To illustrate this method of construction, Fig. 170 has been drawn from the working drawings of the church shown in perspective and plan by Figs. 171 and 172.
The interior of the audience room is shown by Fig. 173. The ceiling is of lath and plaster, and is divided into panels by false beams, as shown in the drawing. The general shape of the ceiling is also shown by the heavy line in Fig. 170. The width of the audience room between walls is 56 ft. 8 ins. and the length from the inner angle of the tower to the post P, either side of the pulpit opening, 51 ft. 8 ins.; the width of the gable recesses at the sides is 17 feet.
As shown by Fig. 170,the roof and ceiling are supported primarily by two Howe trusses placed as indicated by the dotted lines on the plan. The top chords of these trusses serve as one of the purlins on each side of the roof to support the rafters and the lower chords support the outer ceiling joists. To support the ceiling joists and rafters over the space between the Howe trusses, four smaller trusses, C, were placed across the space with their ends resting on the top chords of the longitudinal trusses. The tie-beams of these transverse trusses support the ceiling joists and the top chords support another set of purlins. The tie-beams of the transverse trusses drop below the ceiling joists, and are cased to correspond with the false beams used in dividing the ceiling. From an inspection of Fig. 170, it will be seen that about four-fifths of the entire roof and ceiling are supported by the two Howe trusses, L L, and these again are supported by three wooden posts (marked P on the plan), and by the inner angle of the tower, hence but very little weight comes on the walls.

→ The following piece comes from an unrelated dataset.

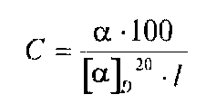 где а — измеренный угол вращения, в градусах; / — длина рабочего слоя кюветы, в дециметрах; С — концентрация раствора вещества (г/100 мл).
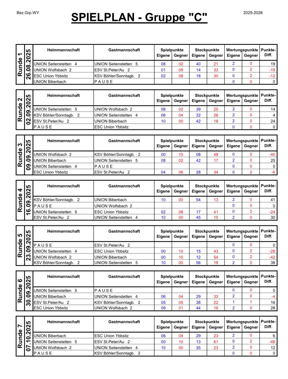 Spielplan Herbst 2025 | Spielplan Herbst 2025 |

The advantages of this system of roofing are: First, the system gives a greater clear height for the audience room than can be obtained with transverse trusses with the same height of walls.
This large space above the wall plate adds both to the apparent size of the audience room and to the comfort of the audience.
Second. The shape of ceiling naturally adapted to this system of trussing is appropriate and fitting to the plan.
Third. By this system no thrust is exerted on the outside walls and but little weight, while the rigidity and weight of the centre roof and ceiling really tend to stiffen the walls, and to prevent the building from racking sideways.
Fourth, economy. Trusses with horizontal chords are the simplest and easiest to construct, and where they are adapted to the shape of the roof, require the least amount of material. And not only are the trusses themselves such as any carpenter can easily construct, but the general construction is easily erected and can be put up before the side walls are completed, thus advancing the completion of the building.
As soon as the transverse trusses are in place, the centre ceiling joists may be set, and thus a convenient permanent stage is provided for the use of workmen while completing the roof. This system is as well adapted to a wooden as to a brick church, and can be used over rooms up to 100 ft. in depth and 80 ft. in width, provided that the pitch of the roof is 45 degrees or more.
74. In laying out such a roof construction the points to be studied are to space the longitudinal trusses so that they may have sufficient depth, and that they will not give too long a span to the lower rafters; also that the ceiling may be divided in pleasing proportions. As stated in Section 10, the height of a Howe truss, measured from the centres of the chords, should be one-sixth of the span when the space will permit, and never less than one-eighth for moderate spans. It is not necessary that the trusses shall be of the same span, but they should be of the same height.